We also measured the total concentration of salivary IgG, IgM and IgA using a separate assay panel run at a different dilution (Figure 4c). Median concentrations of total IgG, IgA and IgM were 3.3 µg/mL, ≥ 200 µg/mL (the top of the assay dynamic range at the selected sample dilution) and 3.4 µg/mL, respectively, which are comparable to the values we measured previously43 (1.8 µg/mL for IgG, 124 µg/mL for IgA and 3.7 µg/mL for IgM). Moreover, the IgG, IgA and IgM concentrations align with published ranges measured using a different assay and collection method (IgG range = 0.4-93 µg/mL44; IgA = 50.2 ± 19.1 µg/mL45; IgM = 0.5-13.0 µg/mL46).

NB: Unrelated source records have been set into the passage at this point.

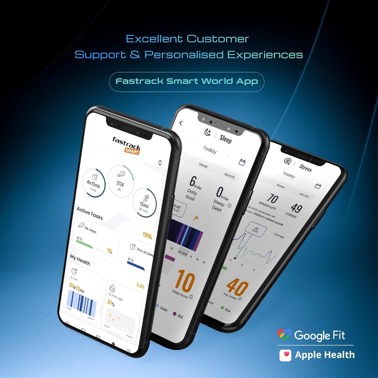 - Complete Health Suite On Wrist – Monitor SpO2, BP, 24×7 heart rate, REM sleep, stress, mood & breathing rate; also includes hydration alert & women’s wellness tracking
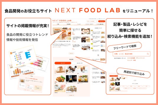 ミヨシ油脂株式会社(本社:東京都墨田区、代表取締役社長兼CEO:三木逸郎)は、7月30日(水)に食品開発担当者のための技術情報や食品トレンドを発信するサイト「ネクストフードラボ」をリニューアル公開しましたのでお知らせします。
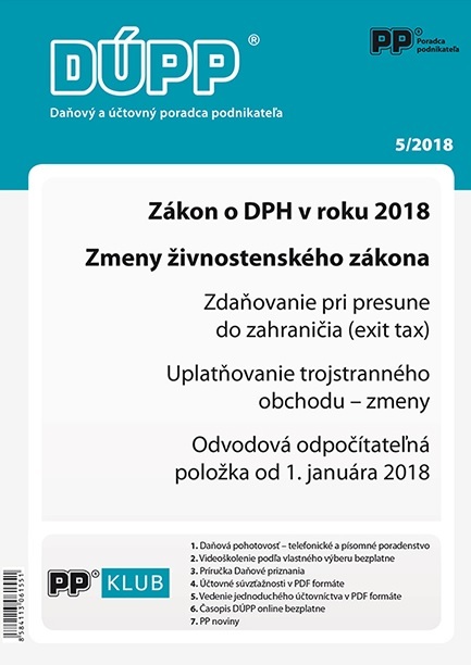 Publikácia obsahuje nasledovné témy: Zákon o DPH v roku 2018, Aktuálne zmeny živnostenského zákona, Zdaňovanie peňažných a nepeňažných plnení v oblasti zdravotníctva, Zdaňovanie pri presune do zahraničia (exit tax) od roku 2018, Zmeny v uplatňovaní trojstranného obchodu od 1. 1. 2018,...
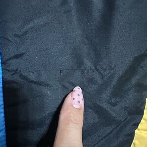 There’s a small dark mark on the front (tiny last picture) and a snag in the back (also pictured).
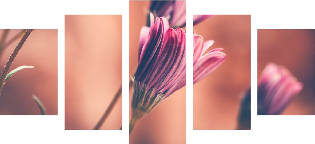 5-dielny obraz malé ružičky v sépiovom prevedení
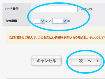 M クレジットカードのカード番号と有効期限を入力し、次へをクリックします。

Low observed levels for the endemic coronaviruses were generally associated with low levels of total immunoglobulin. Of the eight samples that were flagged for low antibody levels against the four endemic coronaviruses, six samples had undetectable total IgG levels at the sample dilution used for the total immunoglobulin measurement, and four samples provided the lowest measured levels of total IgA (Figure 4c).

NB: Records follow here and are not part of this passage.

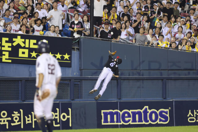 여기서 9회말 대수비로 투입된 구본혁이 나타났다. 파울 타구는 3루 불펜으로 떨어지는 것처럼 보였는데, 이때 구본혁이 펜스를 밟고 올라타, 타구를 낚아채는 엄청난 수비를 펼쳤다. 그 누구도 예상하지 못했던 순간. 기자실에서도 감탄이 쏟아질 정도의 역대급 수비가 나오면서, LG는 길고 길었던 승부 끝에 5연승을 질주하게 됐다.
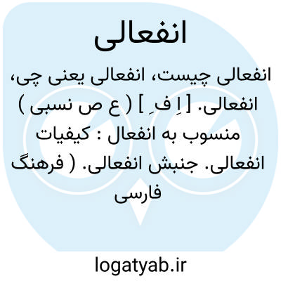 انفعالی. [ اِ ف ِ ] ( ع ص نسبی ) منسوب به انفعال: کیفیات انفعالی. جنبش انفعالی. ( فرهنگ فارسی معین ). مقابل فعلی. ( یادداشت مؤلف ).
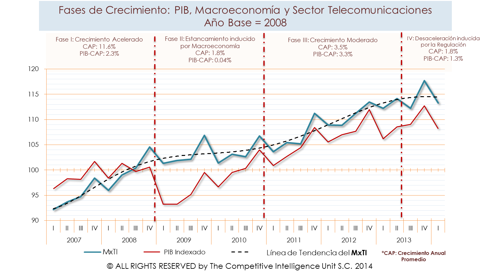 En su actual fase, la tendencia del indicador nos permite identificar una desaceleración y estancamiento de las telecomunicaciones mexicanas en los últimos tres periodos de análisis, a partir del tercer trimestre del año pasado, hasta el desempeño del primer trimestre de 2014.

Non-specific binding is another potential source of measurement error. Bovine serum albumin (BSA) was included as an antigen in the multiplex as a negative control. Specific binding of anti-BSA antibodies in samples should not occur due to the high concentration of BSA present in the assay diluents, therefore, binding to the non-BSA element in the antigen array should be indicative of antibodies that are able to bind non-specifically to the array surface. Non-specific binding, as assessed by signal for the control spot coated with BSA, was generally low (average of 191 counts). Two specimens from the same PCR negative donor were noted to exceed 5,000 counts on the BSA coated spot, whereas a third intermediate sample from the same donor showed low non-specific binding.